Government & Politics

Sebelius: Uncertainty could undo Affordable Care Act without repeal

Before speaking at the Center for Practical Bioethics’ annual dinner Wednesday in Kansas City, former Kansas Gov. Kathleen Sebelius talked about how uncertainty could sink the Affordable Care Act without a formal repeal.
Before speaking at the Center for Practical Bioethics’ annual dinner Wednesday in Kansas City, former Kansas Gov. Kathleen Sebelius talked about how uncertainty could sink the Affordable Care Act without a formal repeal. along@kcstar.com

Former Kansas Gov. Kathleen Sebelius says that even if President Donald Trump and Republicans in Congress can’t repeal the Affordable Care Act, they can unravel the health insurance marketplace just by keeping people guessing.

Sebelius, a Democrat, was in charge of implementing the law commonly known as “Obamacare” when she served as secretary of the U.S. Department of Health and Human Services from 2009 to 2014.

She said uncertainty about whether the law will change and whether the Trump administration will continue to enforce it is already making insurers reconsider whether to offer federally subsidized plans to Americans who don’t get health insurance through an employer or the government.

“I think they can actually do a pretty good job collapsing the marketplace that now has 12.2 million people enrolled by just not clarifying what the rules are,” Sebelius said in an interview before she spoke Wednesday at the Center for Practical Bioethics’ annual dinner.

“Because no insurance company will enter a market where they really don’t know if they have customers, if they will be paid back the money that they have to front for the subsidies, if the rules that they understand and know about are going to stay in place.”

Insurers have to submit their initial premium rate requests for 2018 plans to state regulators in about two months.

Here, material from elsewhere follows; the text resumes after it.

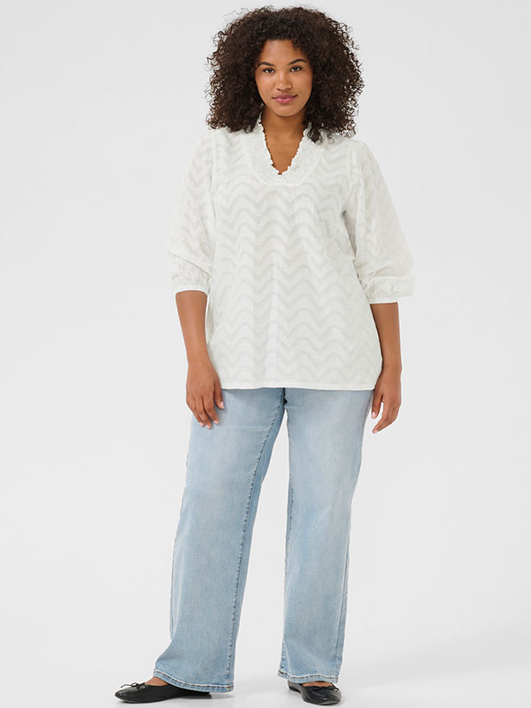 La deg forføre av den tidløse sjarmen til Kaffe Curve med vår nyeste tilvekst, KCvitana blusen. Dette er et must-have for enhver garderobe, spesielt designet for plus size. Blusen er laget av 100% bomull, som sikrer en behagelig og pustende følelse hele dagen. Den hvite fargen komplementeres vakkert av et diskret, bølgete mønster som tilfører et snev av raffinement og stil.

It was already difficult for them to decide which states to sell plans in and how to set rates in new marketplaces with consumers who in some cases hadn’t been insured in years. It’s even harder in a regulatory environment that threatens to change almost daily.

Minnesota-based Medica started offering plans in Kansas this year. But Medica spokesman Greg Bury said the company was re-evaluating its offerings again Thursday following news that a competitor, Aetna, was pulling out of Iowa.

“We entered new markets with the intention of being a part of those markets for a long time to come,” Bury said. “That remains our goal. Given all the uncertainty right now, all we can say is that we are currently evaluating the situation and our options.”

One of Trump’s first moves as president was to issue an executive order instructing federal agencies to ease off on Affordable Care Act regulations.

After House Republicans failed to bring a repeal-and-replace vote to the floor last month, Trump said he hoped to get Democrats on board after the current health care law “explodes, which it will soon.”

But House Republicans have since restarted talks on replacing the Affordable Care Act.

House Speaker Paul Ryan, a Republican from Wisconsin, said on the NPR program “Indivisible” Wednesday night that the GOP is looking for a plan that lowers premiums and out-of-pocket costs while still protecting people with pre-existing conditions.

At a news conference Thursday morning, Ryan said Republican leaders will add a national “high-risk pool,” for people who are difficult to insure because of their medical needs, to the American Health Care Act that failed to get a vote.

“We have more work to do, and those conversations continue to take place, and they really show promise,” Ryan said. “But this amendment alone is real progress and will help us build momentum for delivering on our pledge to the country.”

Sebelius, also a former Kansas insurance commissioner, said that to provide certainty to the insurance market, major changes to current law should not go into effect until a date years in the future.

In the meantime, she said Trump and Congress should make it clear to insurers and customers that the federal subsidies will be paid, the penalty for Americans who don’t carry insurance will stay in place and the federal HealthCare.gov website will continue to operate.

Failure in any of those areas could make the marketplace explode, Sebelius said.

“They own this puzzle right now,” she said, “and the longer this uncertainty lasts, the more damage they can do to people who are relying on this for their health care.”